# Langchain Quickstart

In this quickstart you will create a simple LLM Chain and learn how to log it and get feedback on an LLM response.

[![Open In Colab](https://colab.research.google.com/assets/colab-badge.svg)](https://colab.research.google.com/github/truera/trulens/blob/main/trulens_eval/examples/frameworks/langchain/langchain_quickstart.ipynb)

## Setup
### Add API keys
For this quickstart you will need Open AI and Huggingface keys

In [1]:
import os
os.environ["OPENAI_API_KEY"] = "..."
os.environ["HUGGINGFACE_API_KEY"] = "..."

### Import from LangChain and TruLens

In [2]:
from IPython.display import JSON

# Imports main tools:
from trulens_eval import TruChain, Feedback, Huggingface, Tru, OpenAI as fOpenAI, Select
tru = Tru()

# Imports from langchain to build app. You may need to install langchain first
# with the following:
# ! pip install langchain>=0.0.170
from langchain.chains import LLMChain
from langchain.llms import OpenAI
from langchain.prompts.chat import ChatPromptTemplate, PromptTemplate
from langchain.prompts.chat import HumanMessagePromptTemplate
from langchain.memory import ConversationBufferMemory

🦑 Tru initialized with db url sqlite:///default.sqlite .

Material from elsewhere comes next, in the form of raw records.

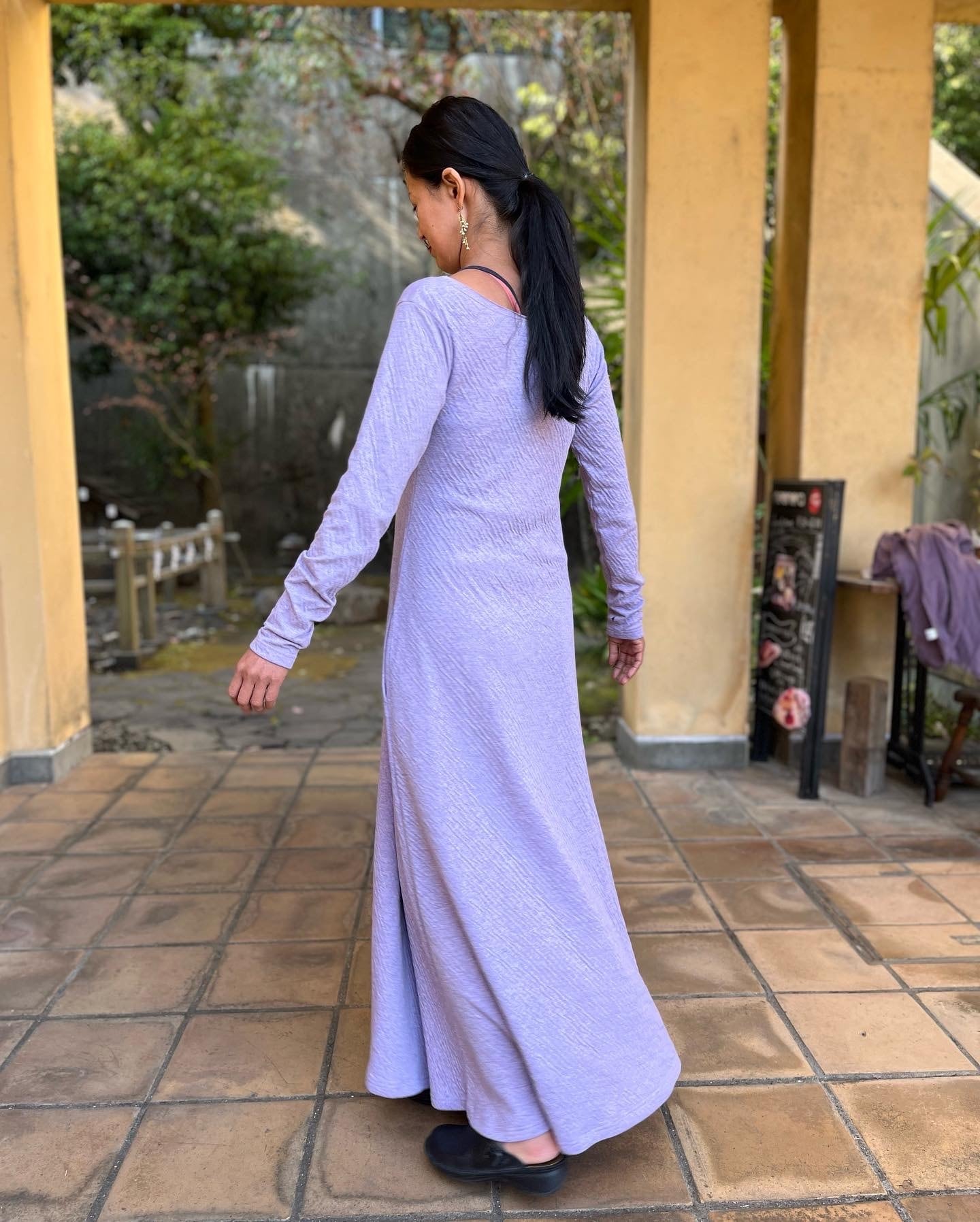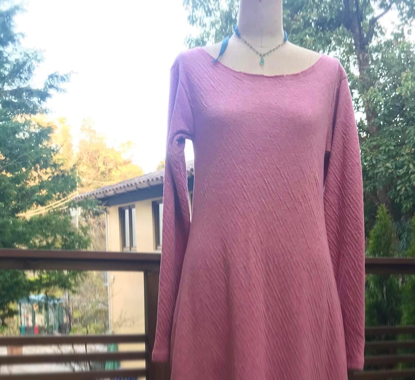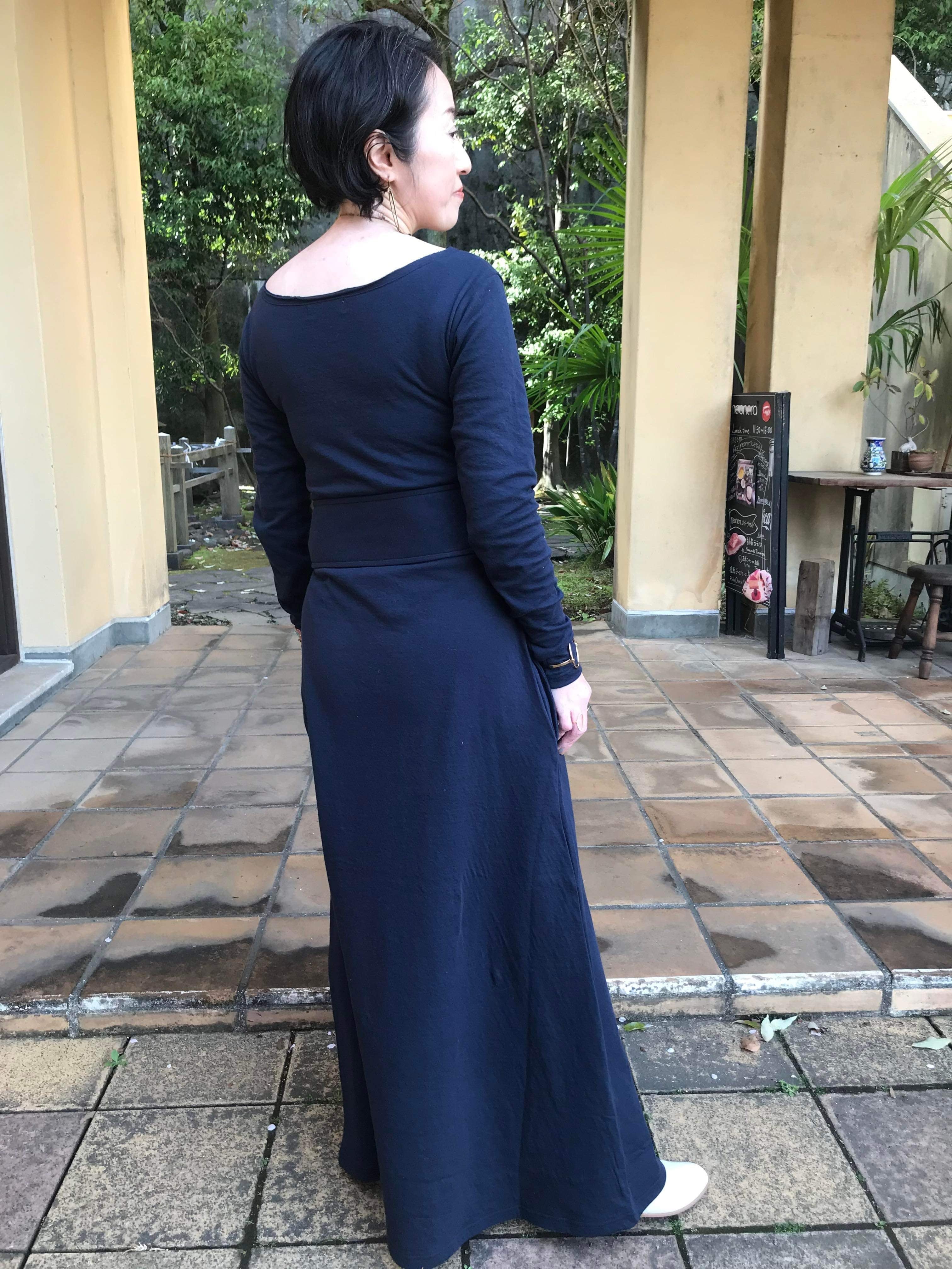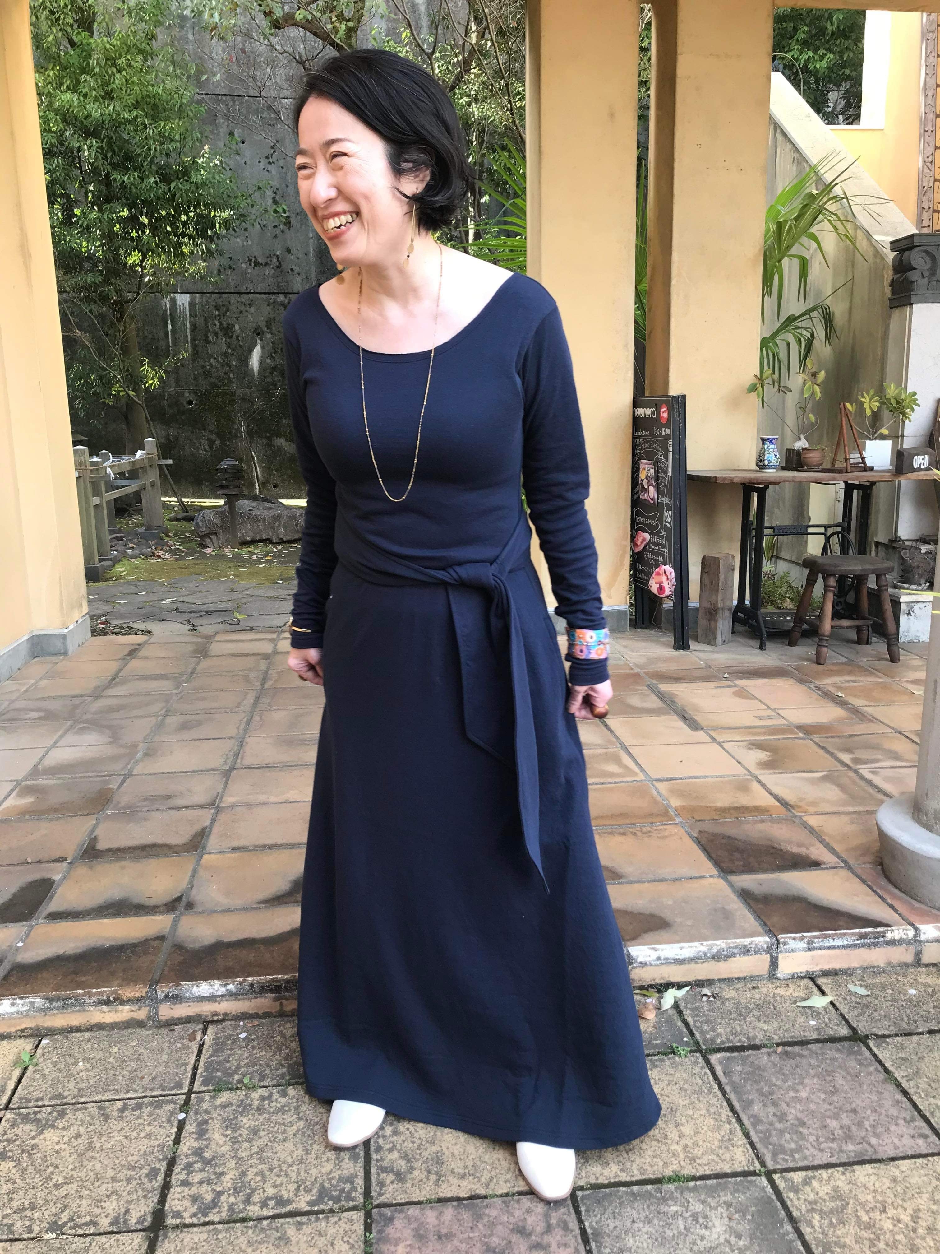 共布サッシュベルトでブラウジングして、着丈の変化も楽しめます。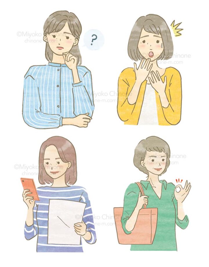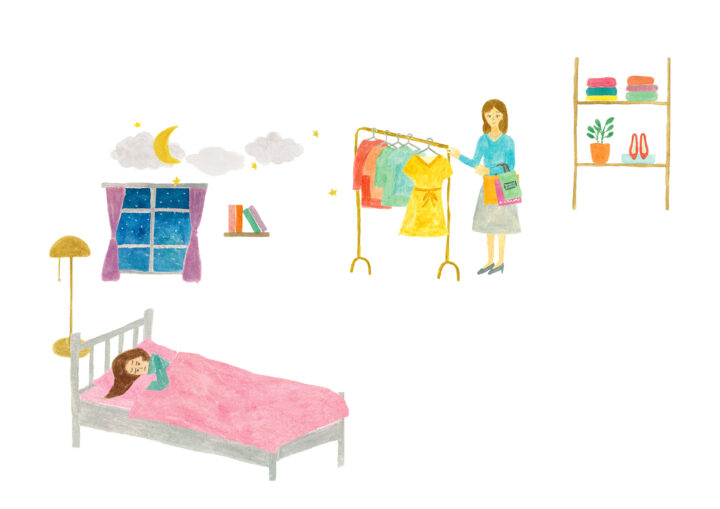 緊張で夜が眠れない、ショッピング中に悩んでる女性を描きました。
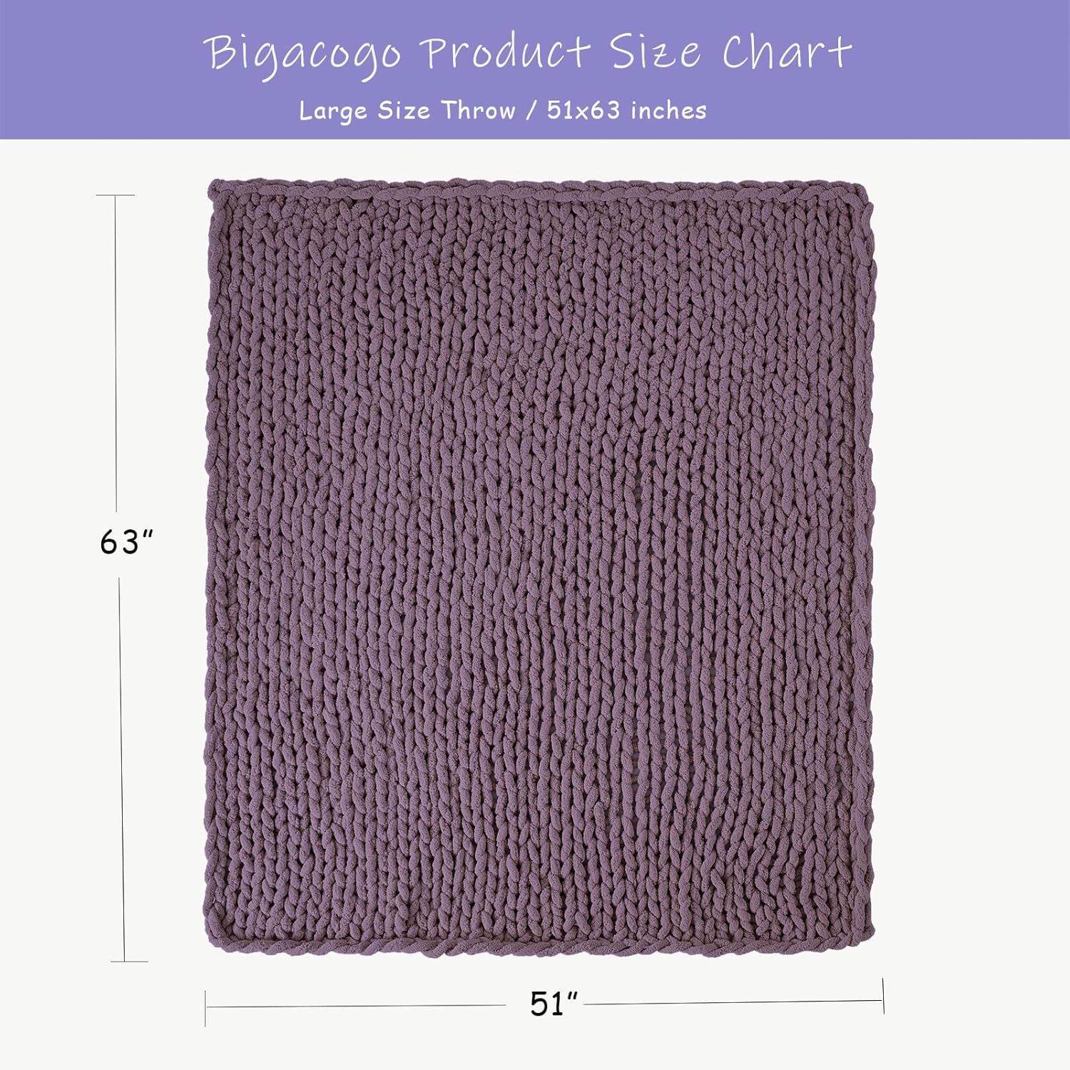 Bigacogo Chunky Knit Throw Blanket for Couch, 51x63 inches, 100% Hand Knitted with Thick Jumbo Chenille Yarn, Cozy Soft Large Rope Knot Cable Crochet Blankets for Sofa Bed Living Room, Winter Grape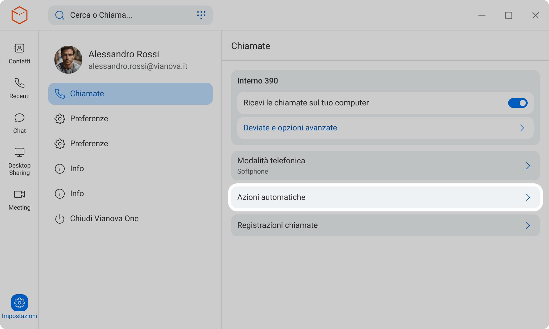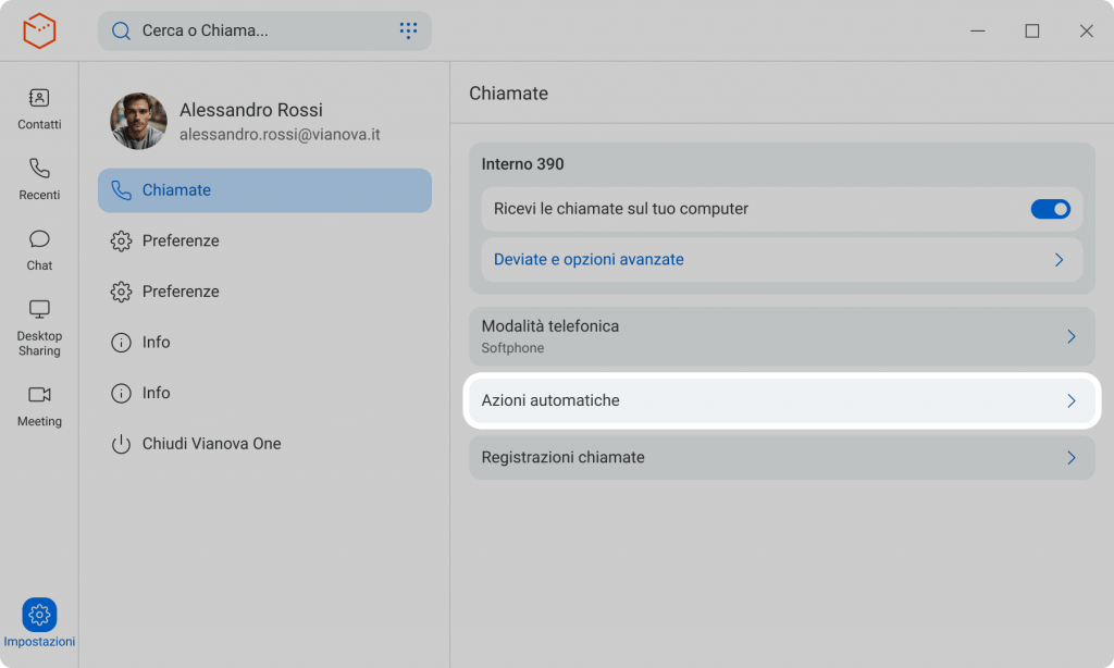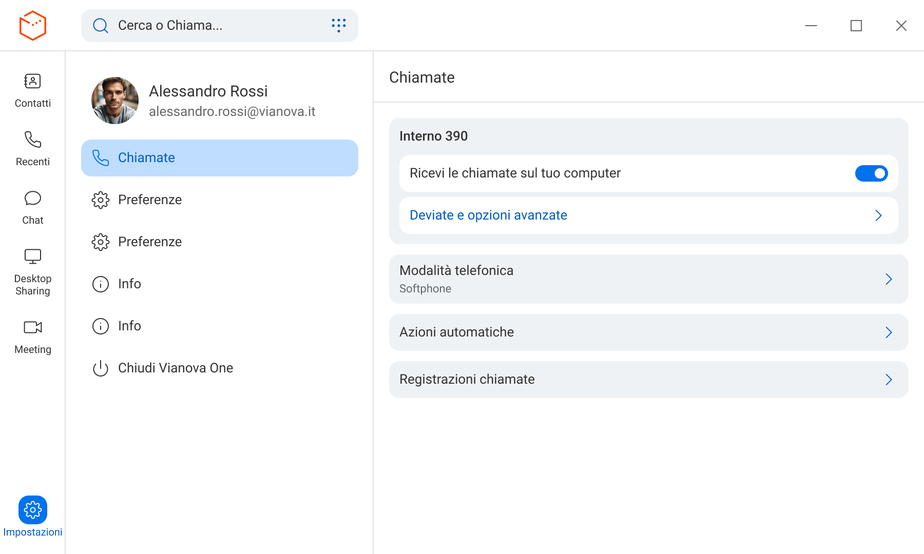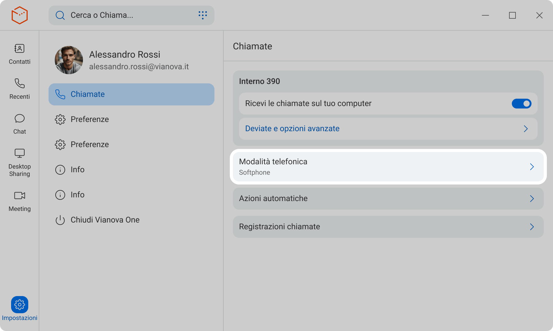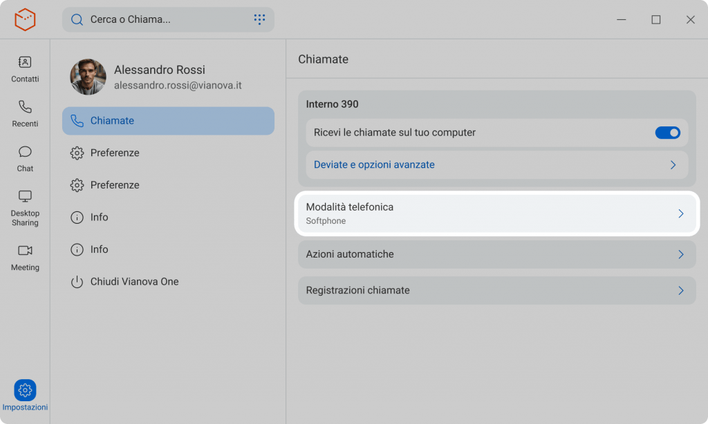 - La modalità Softphone permette di effettuare e ricevere chiamate direttamente dal tuo PC. Questa modalità è impostata di default al primo avvio di Vianova One.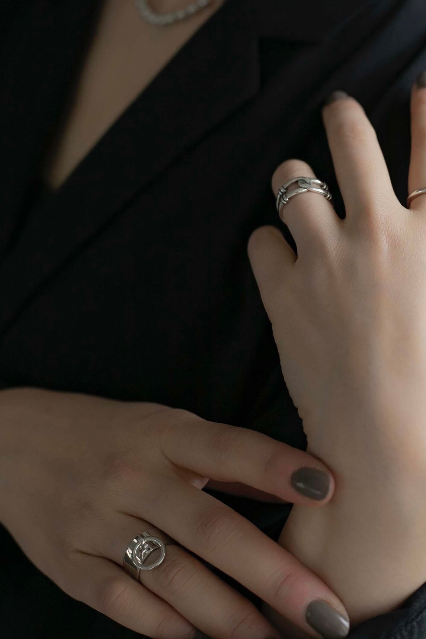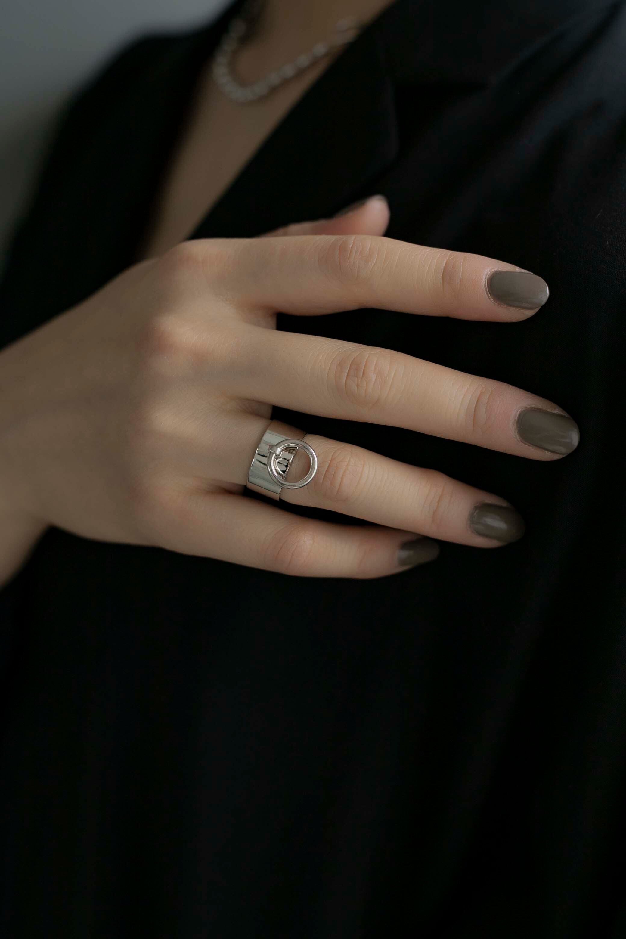 シルバーリング素材:Silver925 シルバーリング径:16.1mm(約11号) シルバーリングサイズ:オープンサイズ/調節可能 揺れるフープがとても可愛く、クールになり過ぎない絶妙なデザインがおすすめのリングです! しっかりとした作りで単体ではもちろん他のリングと合わせてもお使いいただけ、個人的にもとても気に入っているリングの一つになります◎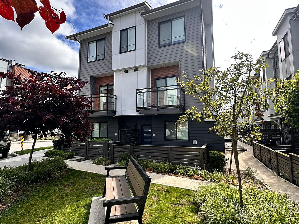 Beautiful 3 years old townhouse in South Surrey, just minutes to White Rock Beach! This CORNER unit home has three bedrooms and 3 bathrooms, a roomy layout with lofty 9-foot ceilings that fill the home with natural light and create an airy ambiance. Enjoy the luxury of premium stainless-steel appliances and resilient plank flooring in the kitchen and living areas. The bedrooms are generously sized, featuring a walk-in closet in the master bedroom and ensuite bathroom. This South facing unit is flooded with natural light through its expansive oversized windows and overlook small green space. Patio BBQ hookup, EV charger, Easy access to Hwy 99, US border and White Rock. Very clean, move into this like new townhome in the thriving South Surrey/White Rock area. Please contact Jane by email or phone to schedule your visit.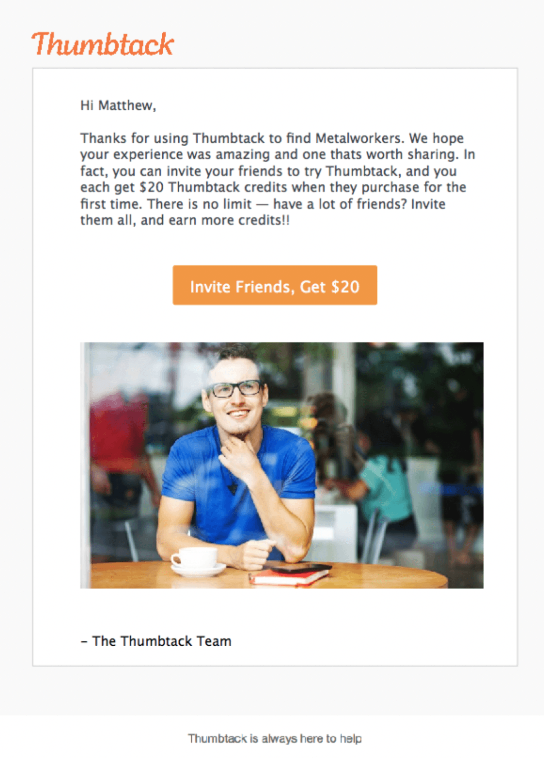 It contains a personal greeting element ("Hi Matthew") which dramatically improves customer experience and makes it more likely for the customer to read the email.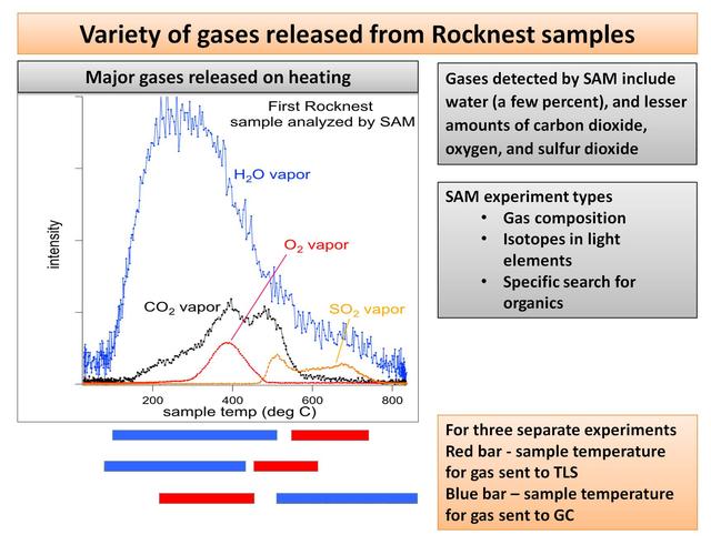 This plot of data from NASA Mars rover Curiosity shows the variety of gases that were released from sand grains upon heating in the Sample Analysis at Mars instrument, or SAM.

### Create Simple LLM Application

This example uses a LangChain framework and OpenAI LLM

In [4]:
template = """You a friendly AI assistant having a conversation with a human. You love to go on irrelevant tangents.

{chat_history}
Human: {human_input}
Chatbot:"""

prompt = PromptTemplate(
    input_variables=["chat_history", "human_input"], template=template
)
memory = ConversationBufferMemory(memory_key="chat_history")

llm = OpenAI()
llm_chain = LLMChain(
    llm=llm,
    prompt=prompt,
    verbose=True,
    memory=memory,
)

### Send your first request

In [5]:
# tell me a story about max and his dog and their trip to target in Japanese
prompt_input = "Discuss the parallels between the works of Shakespeare and the evolution of modern pop culture, taking into account the ways in which archetypal characters and narrative structures continue to shape our understanding of human nature and storytelling."

## Initialize Feedback Function(s)

In [6]:
# Initialize feedback function collection classes:
fopenai = fOpenAI()

f_conciseness = Feedback(fopenai.conciseness, name = "Conciseness").on_output()
f_relevance = Feedback(fopenai.relevance, name = "QA Relevance").on(Select.Record.calls[0].args.inputs.human_input).on_output()

✅ In Conciseness, input text will be set to *.__record__.main_output or `Select.RecordOutput` .
✅ In QA Relevance, input prompt will be set to *.__record__.calls[0].args.inputs.human_input .
✅ In QA Relevance, input response will be set to *.__record__.main_output or `Select.RecordOutput` .


## Instrument chain for logging with TruLens

In [7]:
truchain = TruChain(llm_chain,
    app_id='Chain1_ChatApplication',
    feedbacks=[f_conciseness, f_relevance])

In [8]:
# Instrumented chain can operate like the original:
llm_response = truchain(prompt_input)

display(llm_response)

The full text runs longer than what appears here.